We classified the ORFs into clusters of orthologous genes (COGs) [30]. The 267 genes identified in L. garvieae CECT 4531 (Additional file 1) belong to diverse biological functional groups (Table 2). Most of the genes detected in L. garvieae (about 66%) were related to meaningful biological functions such as those related to ribosomal functions, sugar metabolism or energy conversion systems, which are usually represented in Lactobacillales[31]. The remaining genes identified included "housekeeping genes", such as gyrB, sodA, recA, ileS, rpoD, dnaK and ddl[19], genes of diverse functional groups and genes with unknown functions. Some of them are of interest because they could be involved in the pathogenesis of L. garvieae infections. For example, the gene als, which has been described as an important factor for host colonization by El Tor biotypes of Vibrio cholerae[32], has also been suggested to be one of the genes required for survival of L. garvieae in fish [27]. In addition, the gene mycA, which was detected for the first time in L. garvieae in the present study, encodes an antigen that cross-reacts with myosin, and members of this family of proteins have been suggested to play an important role in the pathogenesis of streptococcal infections [33].

Sequencing of the genes identified in this work is beyond the scope of this initial study, but the data provided can be the starting point for future genetic analysis of L. garvieae strains from different ecological niches or adapted to different host species.

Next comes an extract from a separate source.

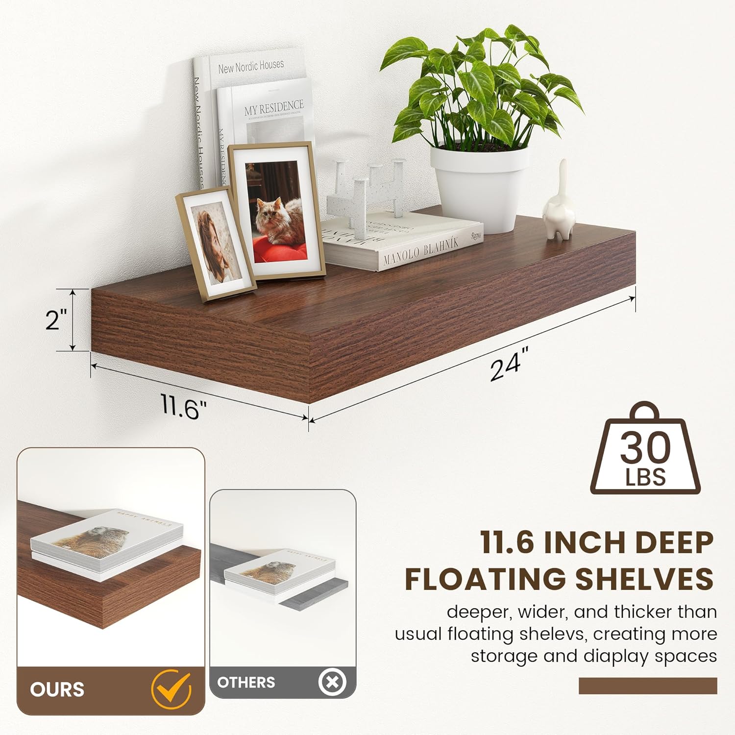 - 12 INCH DEEP FLOATING SHELVES FOR WALL-Elevate your home decor with FLYJOE deep floating shelves, measuring 24 inches wide, 11.6 inches deep, and 2 inches thick. The deeper and thicker design offers unparalleled storage and display possibilities, making them a must-have for any room

This study provides the first insight into the genome content of L. garvieae and suggests that CHG could be a useful approach for studying the genetic content of other Gram-positive catalase-negative cocci of human and veterinary relevance.

Conclusions

In the present work, a comparative analysis based on microarray interspecies hybridization and on the use of bioinformatic tools was used for the first time to study the genetic content of L. garvieae CECT 4531. It is important to remark that the integration of results from bioinformatics and microarray-based CGH requires the definition of a framework that allows an accurate comparison and interpretation of the results obtained. Once this framework was established, it was possible to identify 267 genes potentially present in L. garvieae CECT 4531. Some of the identified genes, such as the als and mycA genes, could be involved in the pathogenesis of L. garvieae infections.

In summary, these results provide the first insight into the genome content of L. garvieae and could be useful for future understanding of the genetics of this pathogenic microorganism.